Through this study comparing responders and non-responders, we identified a population of tumor-infiltrating CD8+ T cells expressing markers of cytotoxic potential and tissue residence (ZNF683+ CTX+ TILs) that significantly predicted and appeared to drive response in head and neck squamous cell carcinoma. We believe that our single-cell transcriptomic signatures of this population could be used in the future to guide therapy through stratification of patients by likelihood of response to anti-PD-1 therapy. Additionally, our analysis of external datasets suggested that the mechanism of cytotoxic revival may be active in other tumor types as well. Additional studies are needed to identify what tumor features drive the mechanisms of response and why the tumor microenvironment of non-responder patients is not able to support the expansion of ZNF683+ CTX+ TILs in favor of severely exhausted and dysfunctional T cells.
What was the coolest thing you’ve learned (about) recently outside of work?

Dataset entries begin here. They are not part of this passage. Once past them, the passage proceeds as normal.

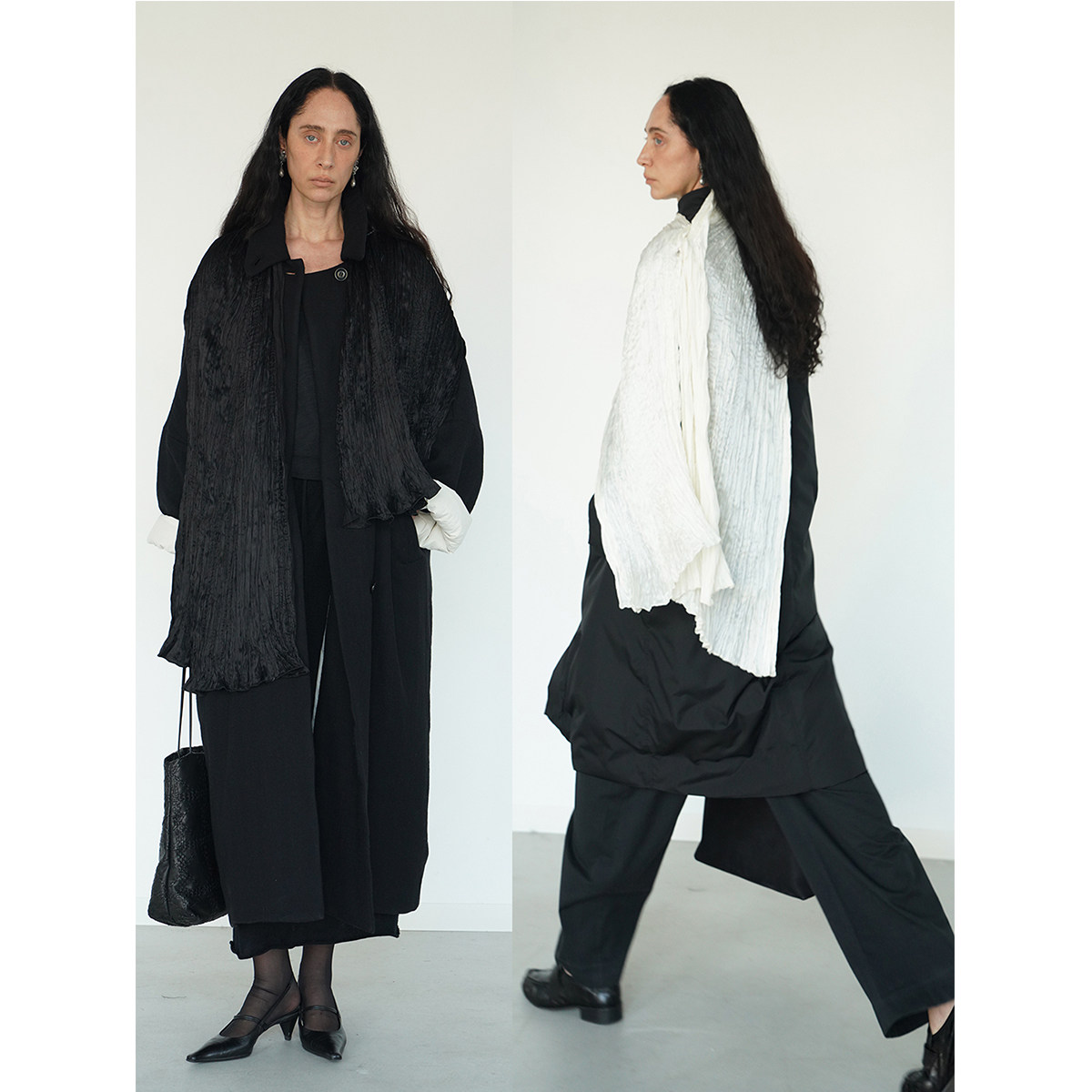 Bow 回响 2025 洛可可 真丝重工手皱宽围巾 「深冬」
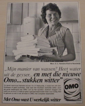 Mevrouw E.C. Hamstra-Kluit uit Noordwijk wist het wel: beetje OMA in een emmertje heet water uit de geiser en voilà: een kind kan de was doen. Het is interessant om te zien dat door de jaren heen de reclames voor wasmiddelen nauwelijks veranderd zijn: een gedegen huisvrouw die staat te kirren bij haar witte was, vaak in een nagesynchroniseerde vorm, want die reclame moet in meer landen zichtbaar zijn in even zovele talen. Omdat alles hetzelfde is kun je uiteindelijk merken als Sunil en OMO en Dash en zo nauwelijks meer van elkaar onderscheiden. Behalve mevrouw E.C. Hamstra-Kluit uit Noordwijk natuurlijk, maar die werd er dan ook voor betaald.
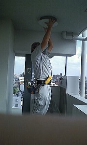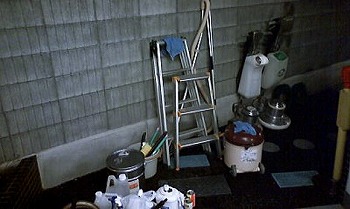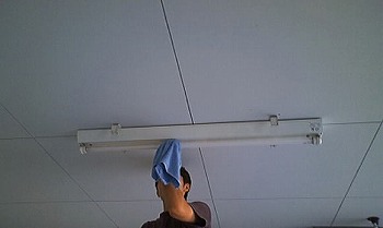 本日はどう進めていこうかと話していると、1階駐車場の照明が埃だらけなのに気が付きます。
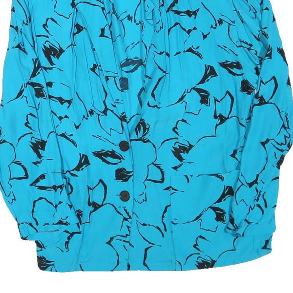Womens Blue & Black Printed Shirt Long Sleeve Collared Polyester Blend L Stylish
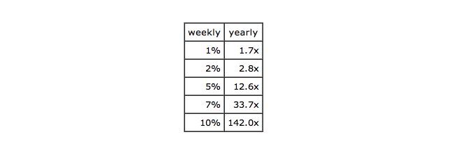 这张图说明的道理显而易见,如果一家公司每周的增长率是 1%,那么其一年的增长率就是 170%;而当其每周增长率为 5% 时,其一年的增长率就是 1260%。

As a lifelong Boston sports fan, I have learned a lot in the past several years about perseverance through (very low stakes) heartbreak, and our ability to bounce back and support our teams. I spent most of my life watching team after team bring home Superbowls, World Series, NBA Finals, and Stanley Cups. To the joy of many outside New England, the past few years have seen a particularly high number of losses late in the postseason, but just as many subsequent seasons where our teams buckle down and stick together, fighting the good fight and giving hope to many fans around the region. Go Celtics, Pats, Bruins and Sox!